I’m painfully hard almost immediately.
This is a problem. A significant one. Because I’m cleared to play now, which means I’m back to being captain, and she’s back to being staff, and I absolutely should not be standing in the doorway of the training room at six in the morning getting hard watching my physical therapist stretch.
“Morning,” I say from the doorway, and my voice comes out as more of a growl than I intended.
She jumps and nearly falls off the table trying to stand upright. “Jesus, Roman. Announce yourself.”
Her face is flushed—from the stretch or from getting caught, I’m not sure. Her tank top has ridden up slightly, exposing a strip of skin at her waist.
I’m staring. I need to stop staring.
“Didn’t want to interrupt,” I say, which is a lie.
I definitely interrupted. On purpose. Because I’ve been up since four thinking about yesterday—about her hands on my shoulder during that final assessment, about her voice as she said “you’re cleared,” about the careful distance she’s been maintaining since Calgary.

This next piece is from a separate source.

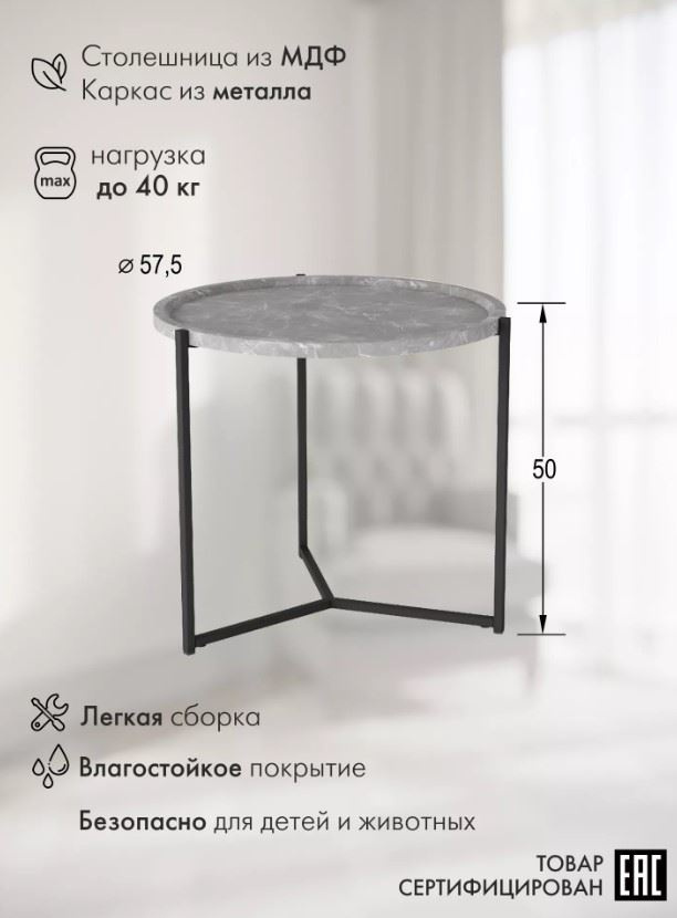 Стол журнальный Бруно (Серый мрамор)

About whether clearing me means I’ve lost my excuse to see her every day.
“I was just—” She gestures vaguely at the table, pulling her tank top down. “Warming up. Before the team gets here.”
“At six AM?”
“Couldn’t sleep.”
Same. For completely different reasons that are probably the same reason.
The room feels too small suddenly. Too quiet. Just us and the treatment table and everything we haven’t talked about since that night in the hallway.
She turns to face me, arms crossing defensively. “Shouldn’t you be at practice?”
“Optional skate. I’m skipping.” I step inside and close the door behind me. “We need to talk.”
“We’re talking right now.”
“Marnie.”
She sighs and leans against the counter. “Fine. Talk.”
This is harder than I expected. On the ice, I know exactly what to say to my team. I can read a defense in seconds and adjust our strategy. But standing here looking at her—hair in that messy bun, team polo, eyes guarded—I don’t know where to start.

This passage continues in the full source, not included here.